-------- Task inputs --------

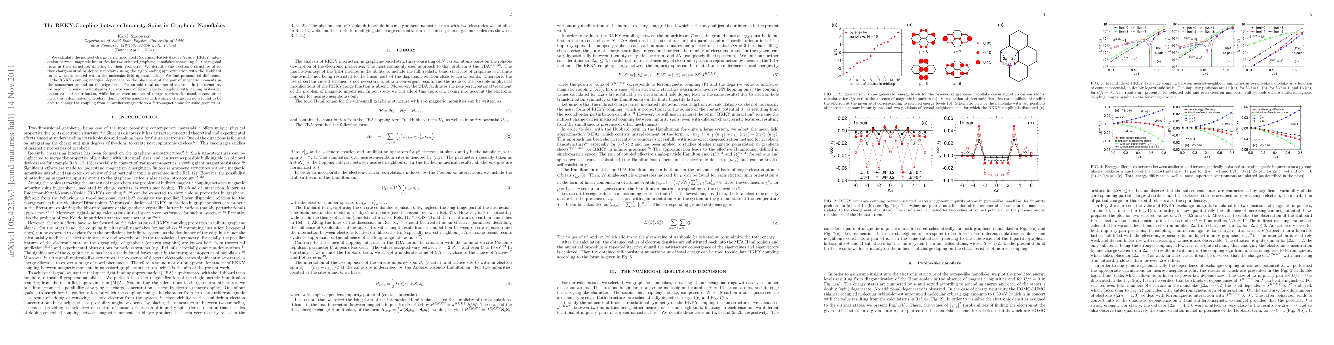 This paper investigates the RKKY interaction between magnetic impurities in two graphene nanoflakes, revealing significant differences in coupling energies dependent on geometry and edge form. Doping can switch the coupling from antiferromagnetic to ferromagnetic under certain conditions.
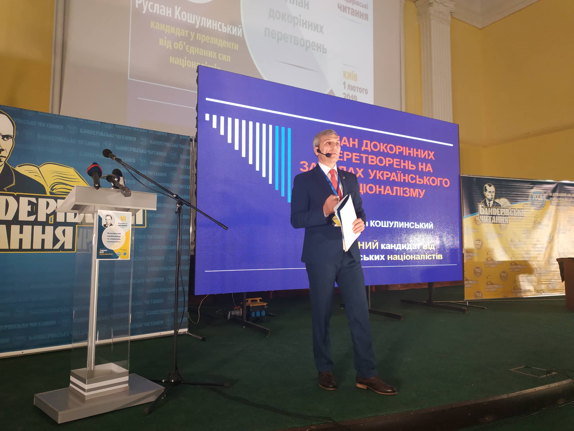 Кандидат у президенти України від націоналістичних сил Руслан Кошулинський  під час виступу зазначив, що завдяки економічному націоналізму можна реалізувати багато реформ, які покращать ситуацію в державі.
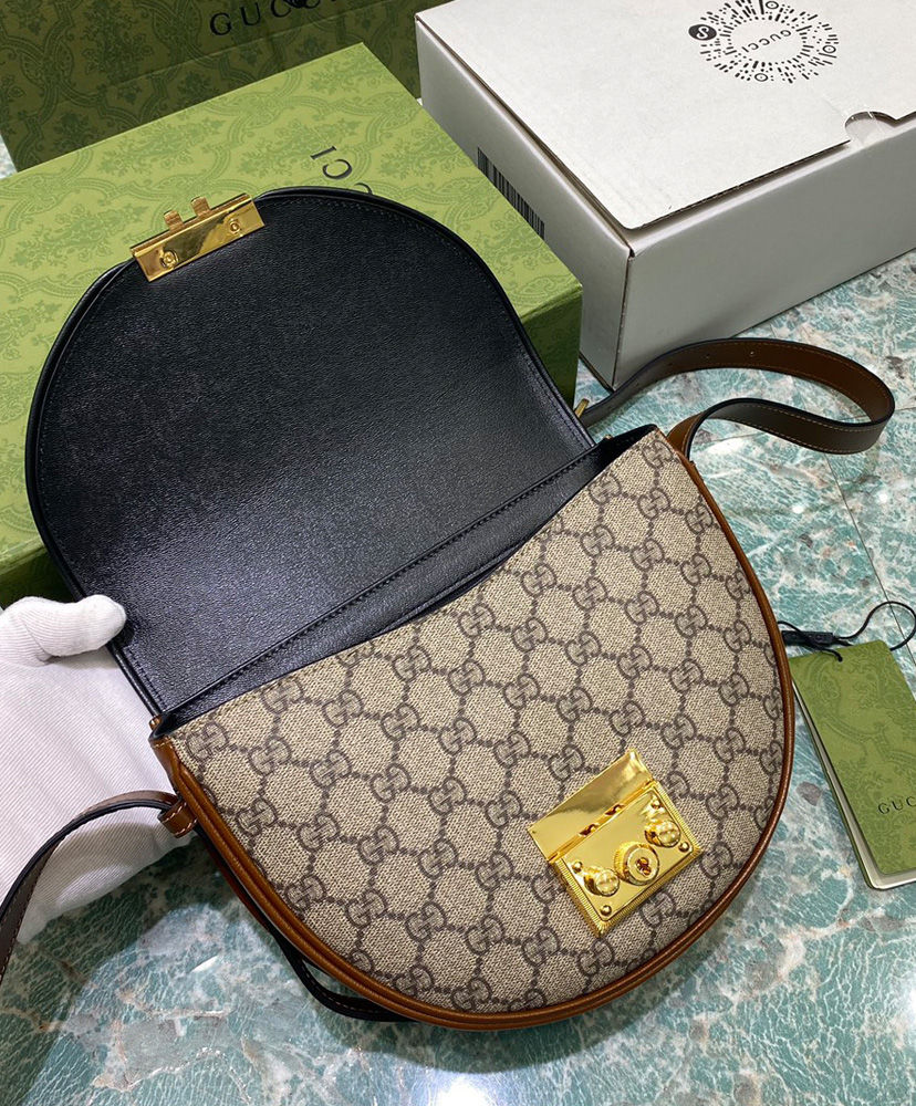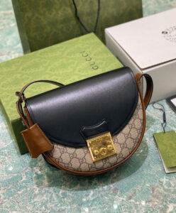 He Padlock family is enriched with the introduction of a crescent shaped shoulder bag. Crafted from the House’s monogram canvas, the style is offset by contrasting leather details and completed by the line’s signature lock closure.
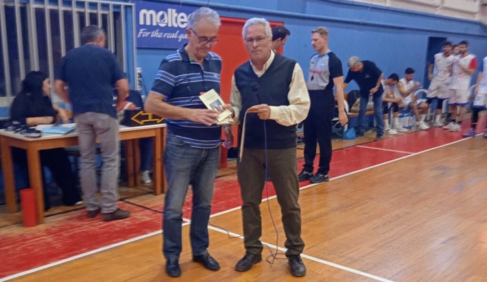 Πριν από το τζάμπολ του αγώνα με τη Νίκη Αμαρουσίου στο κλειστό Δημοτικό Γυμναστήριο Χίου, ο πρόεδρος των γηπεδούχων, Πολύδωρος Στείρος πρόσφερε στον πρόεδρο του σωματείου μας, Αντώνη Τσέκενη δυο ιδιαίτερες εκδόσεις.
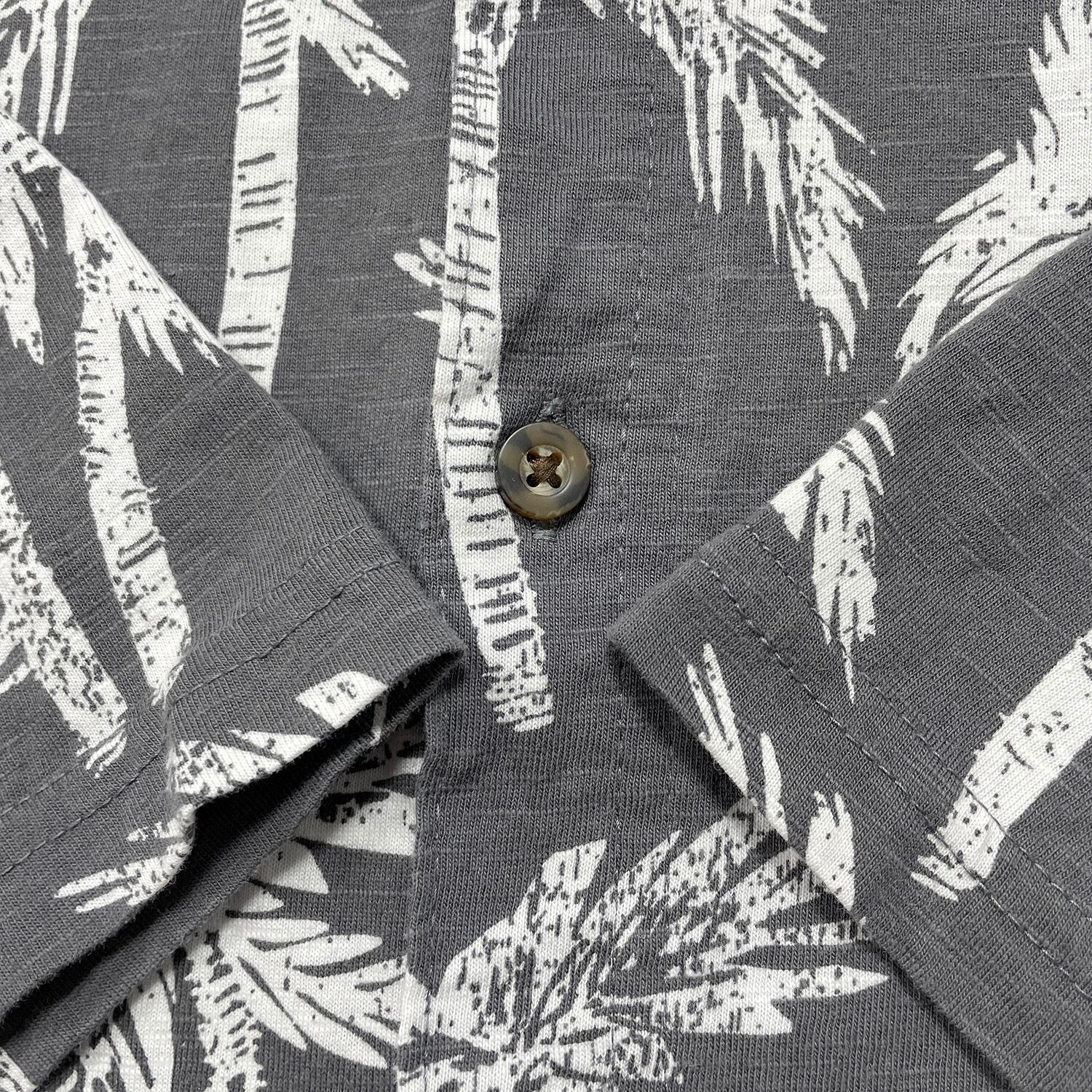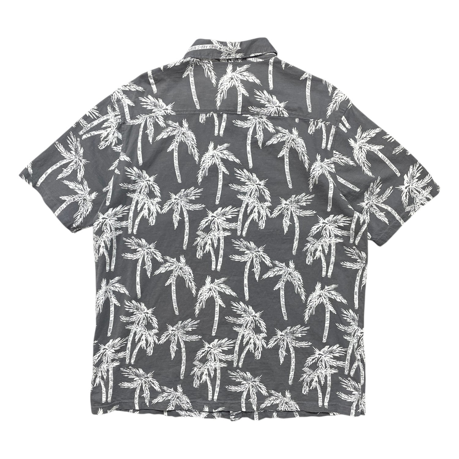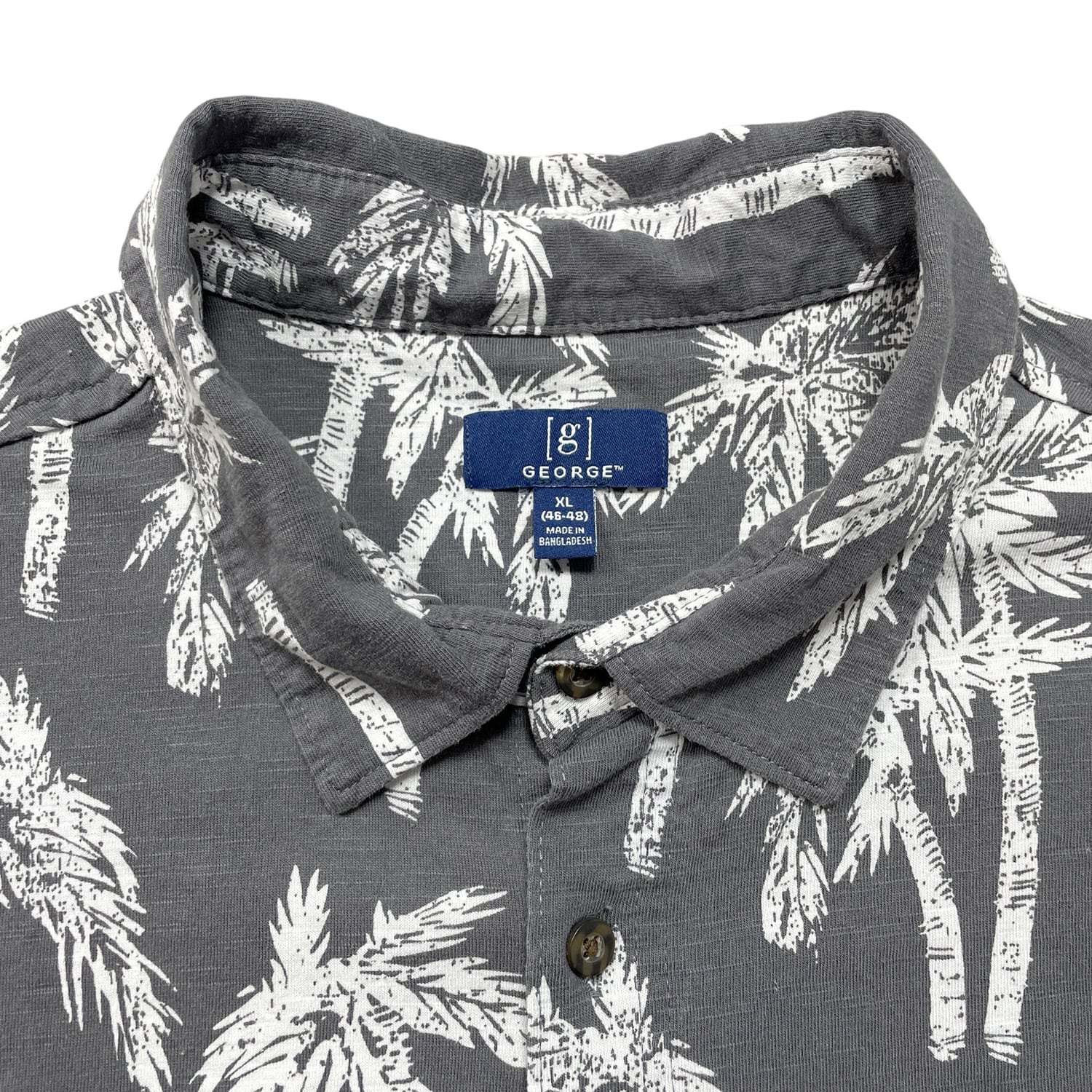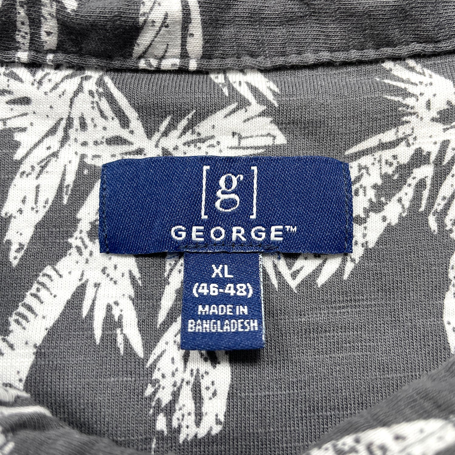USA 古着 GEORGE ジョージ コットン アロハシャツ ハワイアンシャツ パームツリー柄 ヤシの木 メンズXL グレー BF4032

--------

> **What you should do**
Since the copy must exclude the pictures, transcribe only the text of the records, word for word.

> **Task output**
 This paper investigates the RKKY interaction between magnetic impurities in two graphene nanoflakes, revealing significant differences in coupling energies dependent on geometry and edge form. Doping can switch the coupling from antiferromagnetic to ferromagnetic under certain conditions.
 Кандидат у президенти України від націоналістичних сил Руслан Кошулинський  під час виступу зазначив, що завдяки економічному націоналізму можна реалізувати багато реформ, які покращать ситуацію в державі.
 He Padlock family is enriched with the introduction of a crescent shaped shoulder bag. Crafted from the House’s monogram canvas, the style is offset by contrasting leather details and completed by the line’s signature lock closure.
 Πριν από το τζάμπολ του αγώνα με τη Νίκη Αμαρουσίου στο κλειστό Δημοτικό Γυμναστήριο Χίου, ο πρόεδρος των γηπεδούχων, Πολύδωρος Στείρος πρόσφερε στον πρόεδρο του σωματείου μας, Αντώνη Τσέκενη δυο ιδιαίτερες εκδόσεις.
USA 古着 GEORGE ジョージ コットン アロハシャツ ハワイアンシャツ パームツリー柄 ヤシの木 メンズXL グレー BF4032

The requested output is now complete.